The reason I keep bleating on about Sharon and his psycho Israeli government is simple, if you saw that a neighbouring house was on fire, wouldn't you try to warn everyone and put it out before it burned your own house down? The middle east is not just "over there" if we're not careful it'll end up embedded sixteen inches up our own arseholes!

Why? Because he doesn't even try to keep his promise of peace, and has made his promise of security worthless. Because he is a bloody adventurer who scoffs at dangers, even if you pay the price. Because this week he revived the incitement against the left over a memorandum of understanding that was drafted together with senior Palestinian figures. Because the moves of an especially skilled tactician are especially dangerous.
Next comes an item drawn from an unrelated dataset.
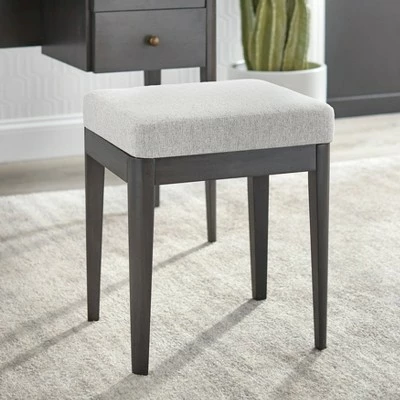 The Parc Vanity Stool from Lifestorey is a complement to any transitional or contemporary interior. Crafted of acacia wood, this stool features an attractive charcoal gray wood frame with tapered legs. Upholstered in a neutral Light Gray color linen-like fabric with simple clean lines. Incredibly versatile, use as a pair at the end of a bed, in a living room for added seating, entry hall or perfect as that needed vanity seat.

Plenty of familiar reasons for Sharon being a political ticking bomb spring immediately to mind. Here are several more that occur upon second, and third, thought.

* They believe him: The incredible and dangerous thing is that despite everything, most Israelis still believe him and believe in him. Sharon has honed the art of political deception to such precision that its victims become passive, and even satisfied, observers. This is the Sharon paradox: The situation under his leadership is so terrible that the majority, which yearns for some illusion of an achievement, prefers not to believe that the situation is as abominable as it is.

* The success of failure: This is why Sharon is still able to plant the empty hope that things will get better - if you'll all just wait a little bit, and then some more. Under normal circumstances, this tactic would collapse after three years of such dissonance between hope and despair. But Sharon is very dangerous because of his tremendous ability to get the public, ordinarily known for its cranky skepticism, to suspend its disbelief in direct proportion to the gravity of the national predicament. Paradox number two promises to keep the Sharon danger alive: As the country's plight worsens, Israelis' dependence on a "strongman" who will rescue them from their troubles grows in equal measure - even if the purported savior is largely responsible for getting them into the mess in the first place. Sharon deserves a Nobel Prize for his discovery of "The Success of Failure."

* He has a sense of humor: The aforementioned contradiction also has a comic effect, as if directed by Eli Yatzpan. Abba Eban used to say that Israel is not a banana republic, but a republic that slips on bananas. Sharon manages to make his repeated banana-slipping amusing, while you just keep bruising your backside. He knows how to giggle just like Yatzpan, how to be as amiable as blooper impresario Yigal Shilon. He's even shed his tic. When a dangerous leader also has a sense of humor, it's time to put on the flak jackets.

* The enemy as collaborator: Another dangerous leader who has lost his quiver, Yasser Arafat, is actually an important ally along Sharon's twisted road. From Lebanon until today, Arik has been pursuing Yasser like Sherlock Holmes on the trail of Moriarty. But there is cause to suspect that he is not really interested in Arafat's elimination. If his legendary rival were gone, Sharon would have to invent a new one.